After 49 years of promising their voters to appoint justices to the Supreme Court for the express purpose of overturning Roe v. Wade — and the kabuki theater of those appointees testifying to Senate Judiciary Commitees that honest pinky-swear cross-my-heart they carried no such agenda —Republicans are finally getting their wish.
Unless you've just recovered from a coma, you already know about that Justice Samuel Alito's draft opinion eviscerating Roe v. Wade was leaked to Politico, and you probably know that one of the main points of his opinion is that abortion rights (or the prohibition of them) is a matter to be decided between a woman and her statehouse, governor, Congress, President... anyone "from the government and I'm here to help."
Effective abortion bans are set to snap into place in 26 states the instant the Court's ruling is handed down.
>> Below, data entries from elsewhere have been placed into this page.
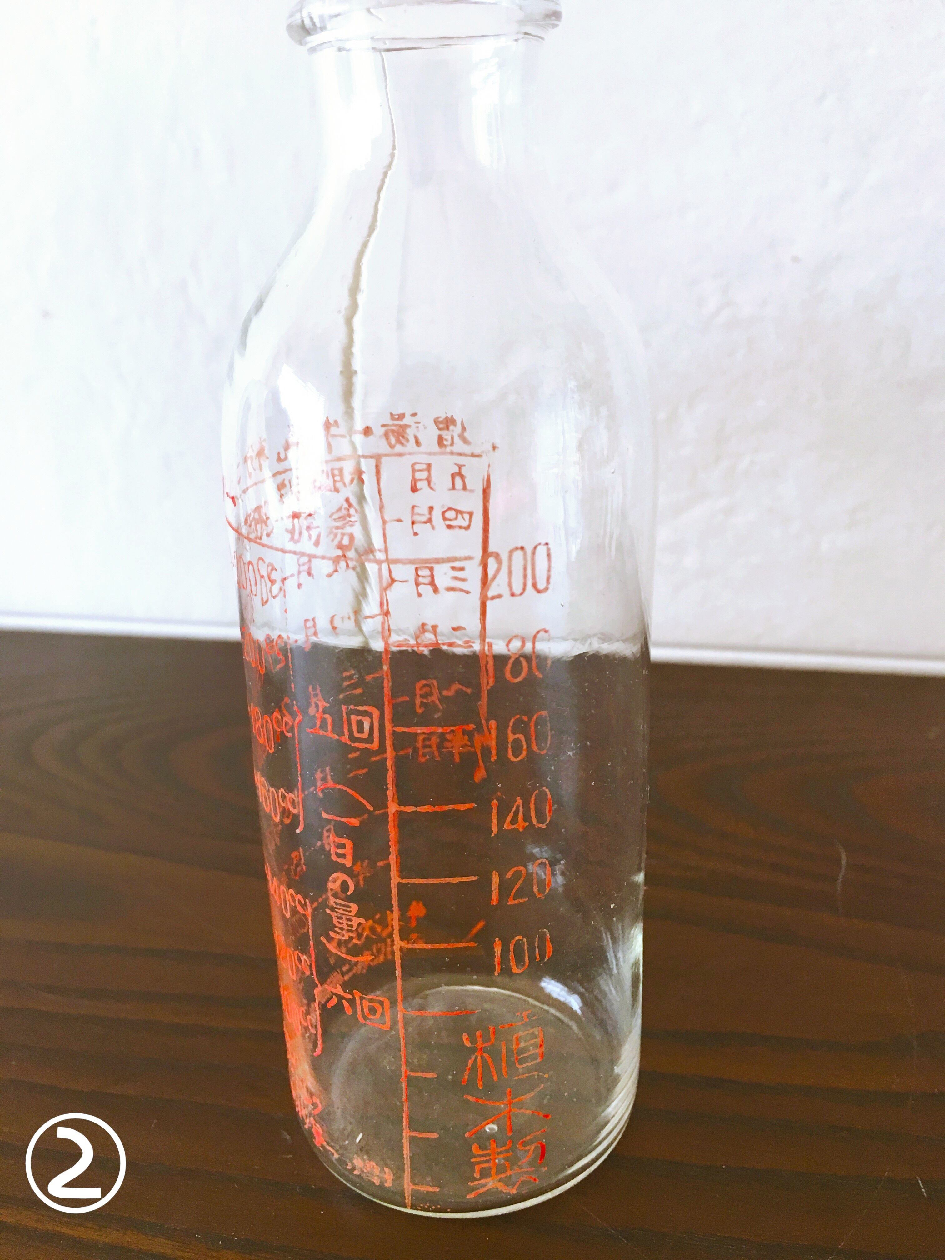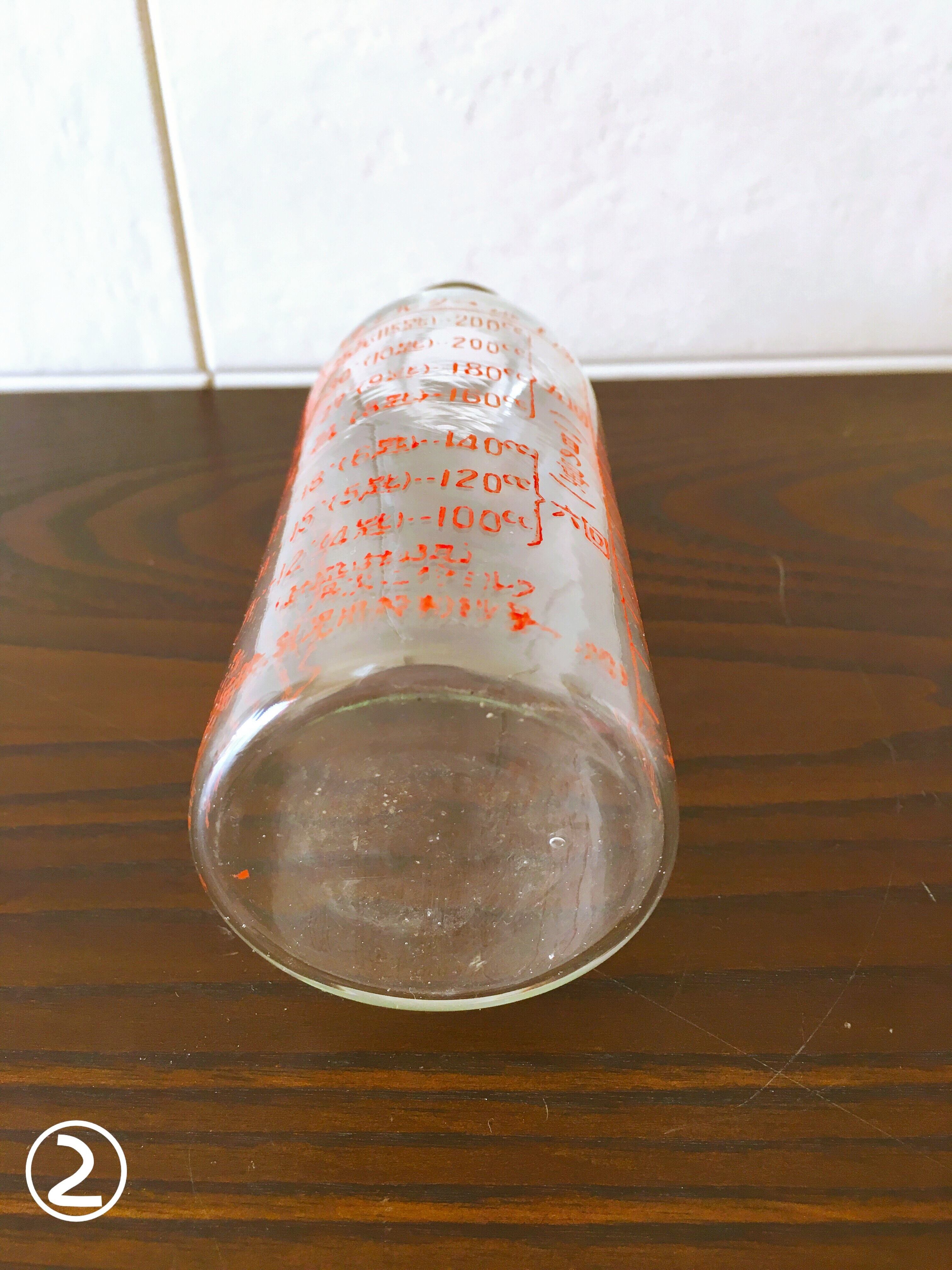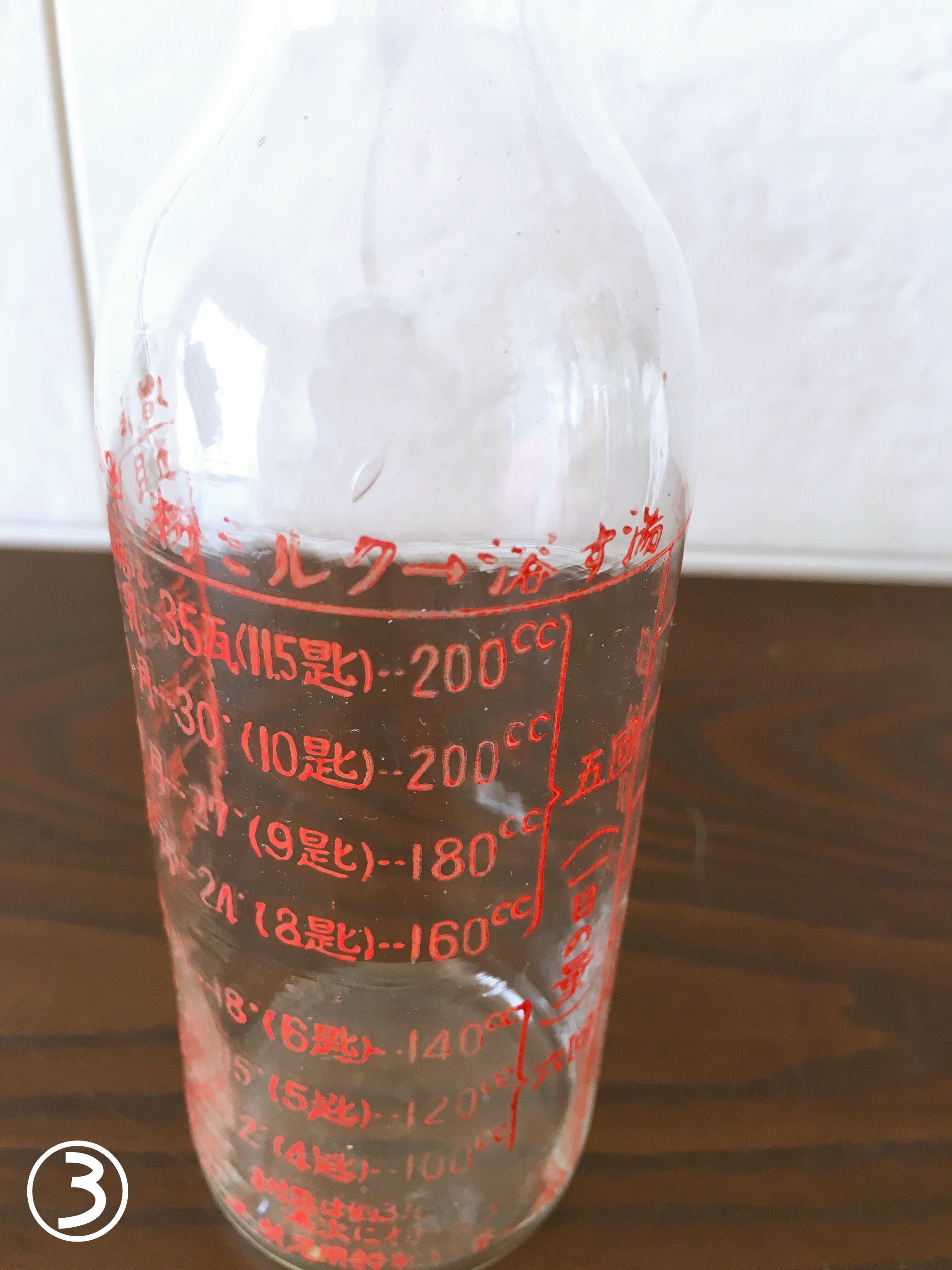 ヴィンテージ な雰囲気漂う、ガラス製の哺乳瓶です。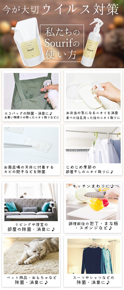 ●敏感肌の方、あかちゃん、小さなお子様でも安心の成分です。乳瓶や、おもちゃ、水筒の除菌に。安心してお使いいただけます。また、部屋干しの臭いや、おむつの臭いも瞬間消臭します。もちろん、愛するワンちゃんネコちゃん達が、舐めてしまった場合でも大丈夫です。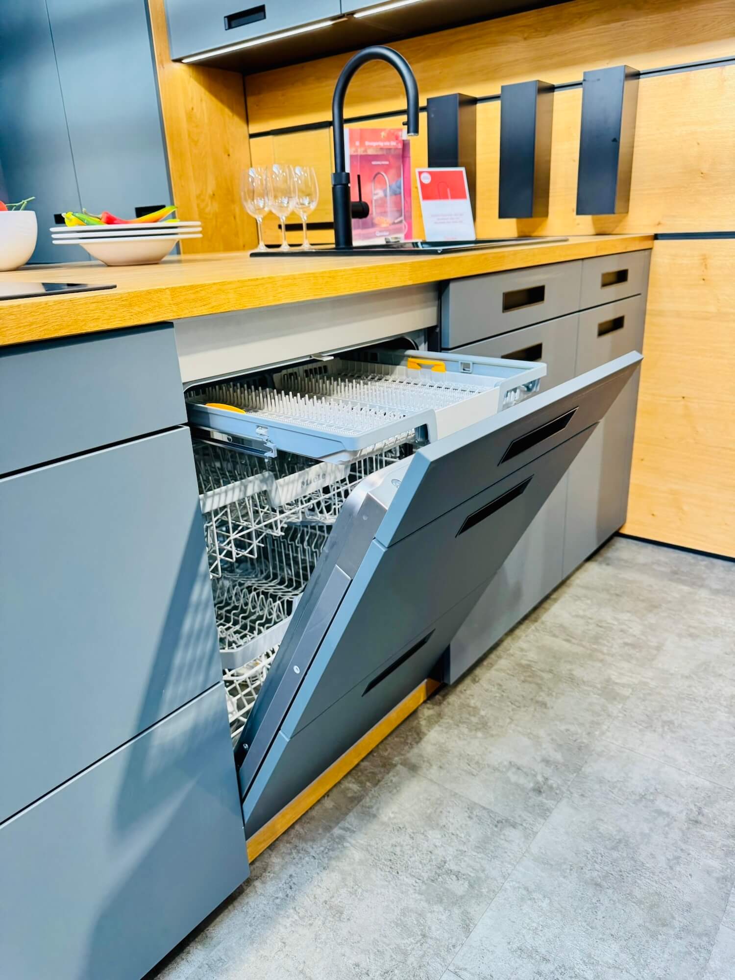 Auch bei den Elektrogeräten setzt diese Ausstellungsküche auf kompromisslose Qualität. Sämtliche Geräte stammen nämlich vom deutschen Premiumhersteller Miele.

Some have been passed recently or will be soon; in other states, old laws voided by the Court's 1973 ruling (such as Wisconsin's 1849 law) will arise from their graves.
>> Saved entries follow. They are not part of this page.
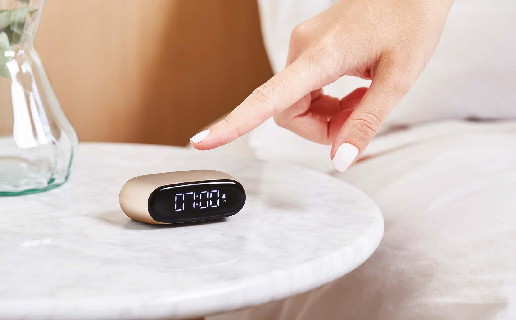 Mini réveil réversible de voyage - Faces ON/OFF - Ecran LCD - 3 niveaux de luminosité - Touchez pour répéter l’alarme & l’éclairage - Autonomie : jusqu’à 6 mois - Temps de charge : 2h - Rechargeable par USB-C (cable inclus). Matériaux: ABS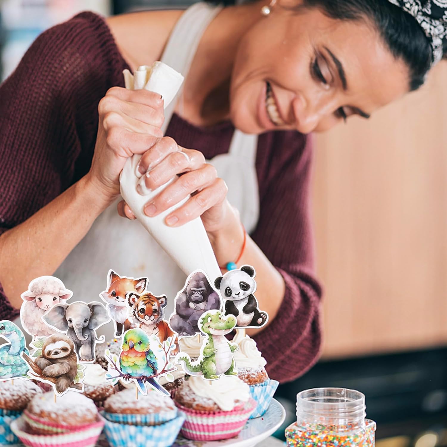 Confezione e dimensioni: include 40 confezioni di toppers per cupcake con animali selvatici. Questi nuovi e graziosi plettri per cupcake aggiungono più divertimento. La dimensione è (compreso il bastone). Ampie applicazioni: questi toppers cupcake sono così carini e perfetti per feste a tema fauna selvatica, feste a tema animali della giungla, feste a tema compleanno, feste a tema anniversario di matrimonio e decorazioni per cupcake. Sono una buona decorazione e rendono il tuo cupcake più attraente e interessante. Puoi anche usarli per gelati, frutta, biscotti e altri dessert. Materiale premium: questi toppers per cupcake sono realizzati in cartoncino glitterato di alta qualità da 300 grammi. Sono molto sicuri per cupcake, biscotti, torte, frutta, biscotti, gelati e altri dessert. NON fai da te: questi toppers per cupcake sono preassemblati, quindi puoi inserirli nel tuo cupcake immediatamente dopo averli ricevuti, il che può farti risparmiare tempo. Memoria! Questi toppers per cupcake sono stampati su entrambi i lati e presentano motivi su ciascun lato. È solo a scopo decorativo, non è commestibile e NON utilizzare nel forno o nel microonde.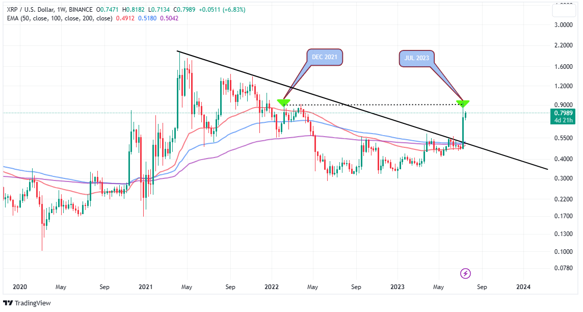 XRP price is up 70% in the last seven days to $$0.81 as the cross-border money remittance token continues to defy a market-wide slump led by prominent cryptos like Bitcoin (BTC) and Ethereum (ETH).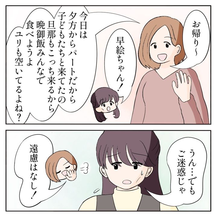 すると、「お帰り~」と現れたのは姉ちゃん。「早絵ちゃん!」と驚くユリ姉に、「今日は夕方からパートだから、子どもたちと来てたの。旦那もこっち来るから、晩御飯みんなで食べようよ。ユリも空いてるよね?」姉ちゃんにそう言われ、「うん・・でもご迷惑じゃ」と動揺するユリ姉に、「遠慮はなし!」と姉ちゃんが一言。

Just about all of these abortion bans, old and new, presuppose that women who seek abortions are unprincipled whores likely to wait right up until moments before going into labor to abort their unwanted fetus instead. That they deserve for each and every sexual act to result in nine months of hard labor.
I know from the experience of someone close to me that the decision to terminate a pregnancy is never easy, and sometimes the baby was very much wanted. If I had been in her place and had been told to go home and wait to miscarry, I would have reached the same decision she did.
If you're a woman or girl living in a state where Republicans do not exercise a stranglehold on your legislature, chances are you will get to keep the right to determine your own child-bearing decisions — at least as long as there's a Democrat in the White House. But anywhere else, your chances are awfully remote, and largely thanks to Court decisions made along the way with this day in mind.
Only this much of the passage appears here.